COOK COUNTY SHERIFF Tom Dart is providing unprecedented courses and programs to scores of veterans housed at the Cook County Department of Corrections including trade courses, professional counseling, substance abuse programs, as well as partnering with community groups that prepare housing and job training upon their release.
Cook County Sheriff Tom Dart may be one of the most caring sheriffs in America especially when it comes to providing services for the scores of veterans in his custody.
Noticing more veterans were being arrested and sent to the Cook County Department of Corrections, Dart began providing a menu of courses and self-help, second chance programs aimed at reducing recidivism and an easier transition to society upon release. He partners with community groups that offer these programs and VA services.
Sheriff Dart has a heart not only for veterans in his custody but also for missing persons labeled cold cases that some may have forgotten like Linzene Franklin, 61, missing since 2011. It was Dart’s task force on missing person cases that found her. She was one of 84 missing unidentified persons buried in Mount Olivet. Because of his passion to serve, grave number 5112013 has a name, Linzene Franklin, and her daughter now has closure.
That is the same spirit Sheriff Dart has for the veterans who are arrested and housed in his care. Besides drug counseling programs, Dart offers a myriad of courses and programs for the veterans who are kept together in the Veterans Tier located in Division 6 he created in 2013.
“We have found that housing veterans together builds camaraderie among the men, and participants appreciate the immediate bond they have with each other due to their shared military experience,” Dart told the Chicago Crusader. “It also helps reinforce programming because they can practice what they learn with each other outside the classroom setting.”
When asked what kind of crimes did the veterans commit, Dart said, “Unfortunately, many veterans wind up in jail for crimes that are related to their struggle to find help for mental illness or substance use disorders.”
Of the 35 veterans housed in the Veterans Tier, Dart said, “Our mission is to connect them with services and resources that will enable them to lead healthy and fulfilling lives when they eventually return home.”
Asked if there are any women veterans in his custody, Dart said there were only four who have self-identified as being a veteran.
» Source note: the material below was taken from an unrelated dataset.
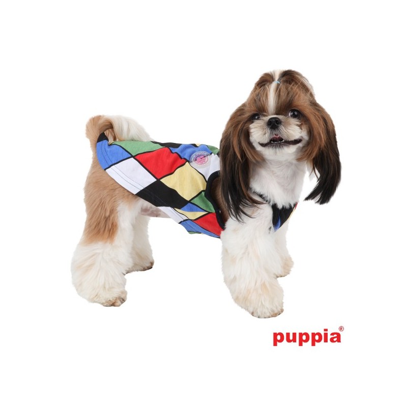 Canotta a rombi multicolori, 100% cotone, decorata dal logo in gomma Puppia sul retro.
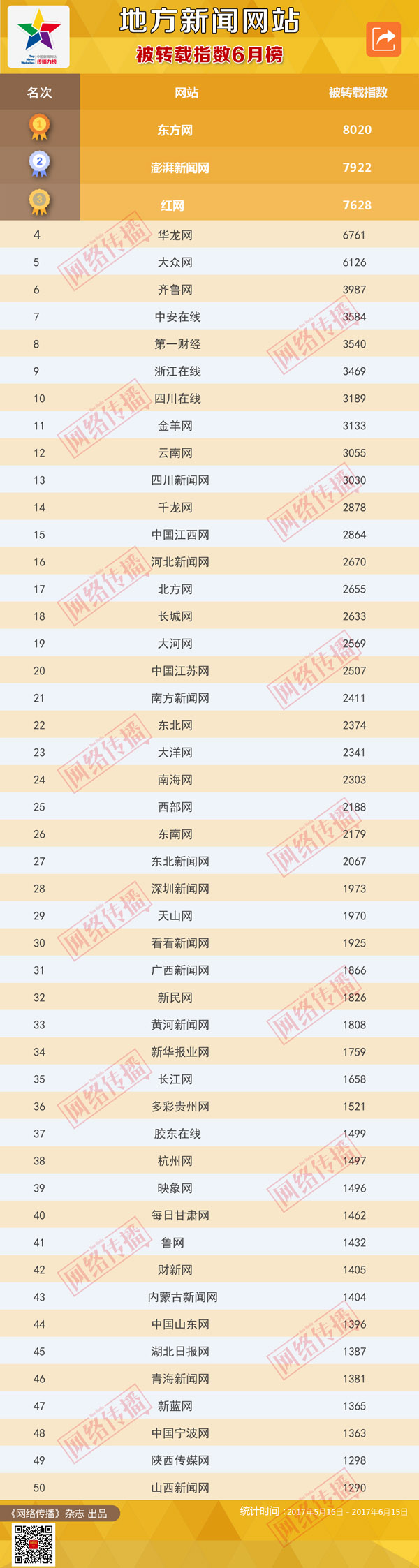 中国新闻网站被转载指数2017年6月榜发布

Due to the low census, they are not housed in a separate location but are offered any veterans assistance they may need.” Currently, housed at the Jail are veterans from the Air Force, Navy, Marines, Army and the Coast Guard.
When asked what kind of services he provides to veterans, Sheriff Dart explained, “They are provided a wide range of programs and services while in custody from substance abuse counseling to assistance with obtaining important records from the Veterans Administration regarding their service.
“These records, which many veterans have lost over the years, are vitally important to enable them to obtain employment, housing, medical/mental health benefits, and family support upon release. For those who are accepted and meet the court’s qualifications, they are also able to participate in Veterans Court,” Dart stated.
Asked if he has speakers from the military to talk to the veterans, Dart said he does and they assist veterans who may have questions on “how to navigate through services provided by the V.A. “
Because of concern about their mental health and the possibility of suffering from Post Traumatic Stress Disorder (PTSD), veterans are provided psychiatrists and/or social workers to talk. “Veterans in custody at the jail have regular access to substance abuse counselors as well as social workers and mental health professionals,” Dart added.
Rep. LaShawn Ford (D-8th) also visits the jail not only to talk to the veterans but he brings supporters offering second chance opportunities including job training once they are released.